### [DATA SHOWN]
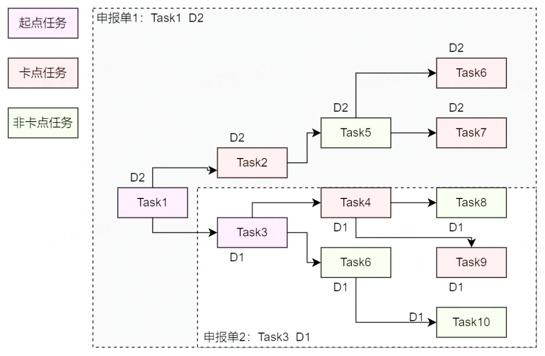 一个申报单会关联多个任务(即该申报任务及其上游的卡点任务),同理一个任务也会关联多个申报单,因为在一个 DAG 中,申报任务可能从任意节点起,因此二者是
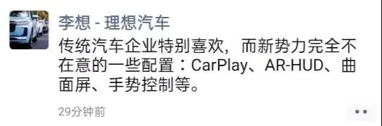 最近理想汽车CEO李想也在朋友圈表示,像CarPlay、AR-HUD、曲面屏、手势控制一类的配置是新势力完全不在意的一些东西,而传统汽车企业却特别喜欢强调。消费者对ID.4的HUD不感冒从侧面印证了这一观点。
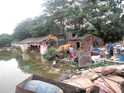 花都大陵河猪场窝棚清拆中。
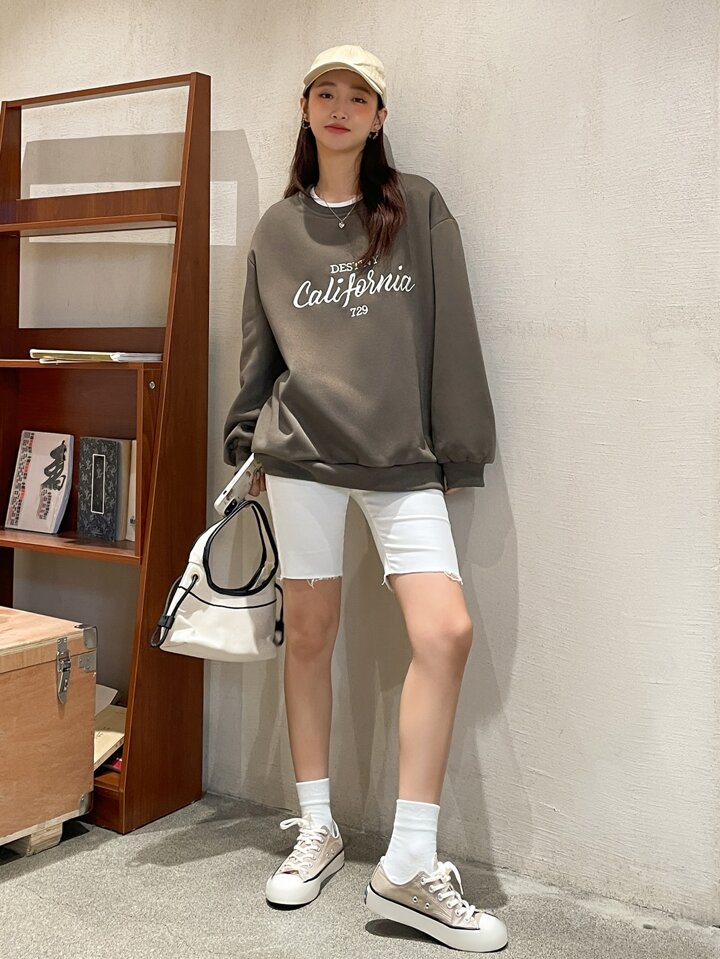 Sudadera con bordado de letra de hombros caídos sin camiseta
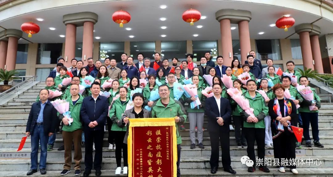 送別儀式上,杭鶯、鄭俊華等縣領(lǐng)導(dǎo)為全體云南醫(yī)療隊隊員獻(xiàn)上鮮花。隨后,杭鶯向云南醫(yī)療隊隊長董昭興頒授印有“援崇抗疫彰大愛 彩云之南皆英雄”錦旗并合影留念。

...

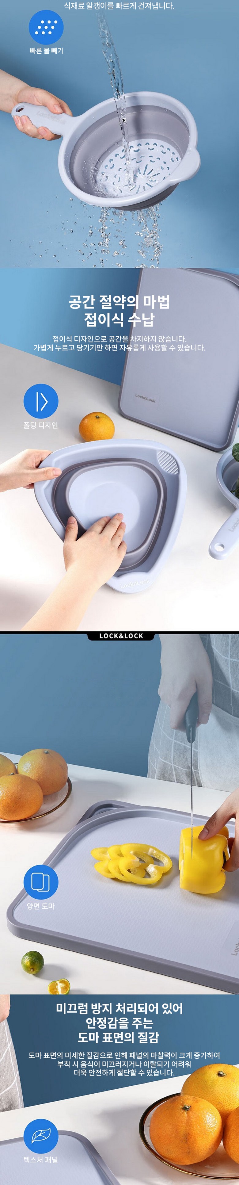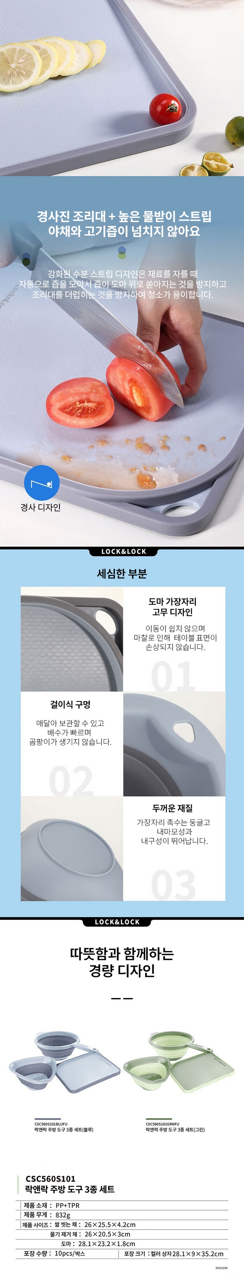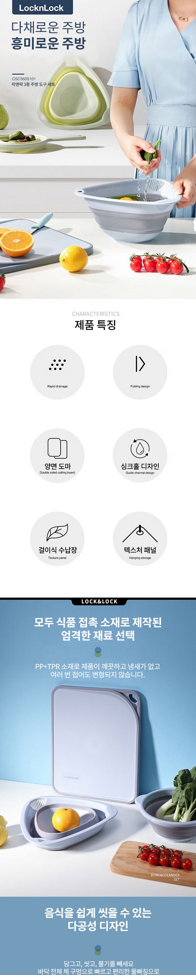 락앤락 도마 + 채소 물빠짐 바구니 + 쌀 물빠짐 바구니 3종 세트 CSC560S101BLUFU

--

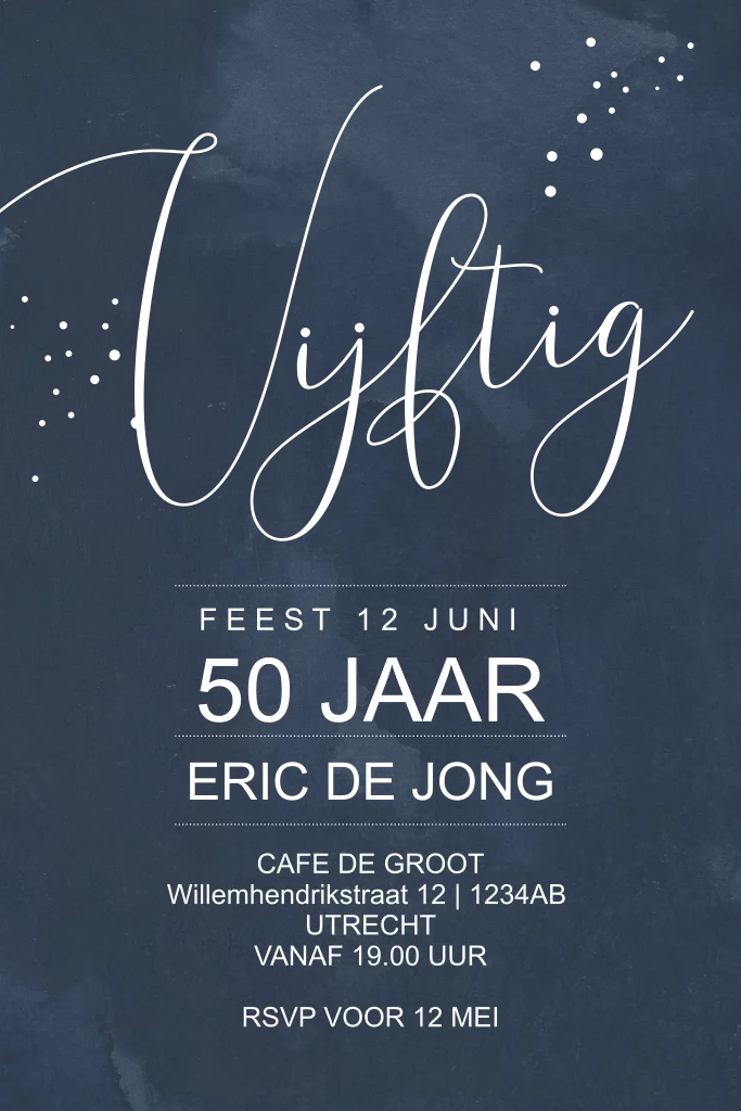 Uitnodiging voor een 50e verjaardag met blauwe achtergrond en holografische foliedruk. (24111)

### [TO DO]
Print the part of the listing above that opens with the line containing "最近理想汽车CEO李想也在朋" and closes with the line containing "送別儀式上,杭鶯、鄭俊華等縣". Copy it exactly, both ends included, and omit the pictures.

### [SOLUTION BELOW]
 最近理想汽车CEO李想也在朋友圈表示,像CarPlay、AR-HUD、曲面屏、手势控制一类的配置是新势力完全不在意的一些东西,而传统汽车企业却特别喜欢强调。消费者对ID.4的HUD不感冒从侧面印证了这一观点。
 花都大陵河猪场窝棚清拆中。
 Sudadera con bordado de letra de hombros caídos sin camiseta
 送別儀式上,杭鶯、鄭俊華等縣領(lǐng)導(dǎo)為全體云南醫(yī)療隊隊員獻(xiàn)上鮮花。隨后,杭鶯向云南醫(yī)療隊隊長董昭興頒授印有“援崇抗疫彰大愛 彩云之南皆英雄”錦旗并合影留念。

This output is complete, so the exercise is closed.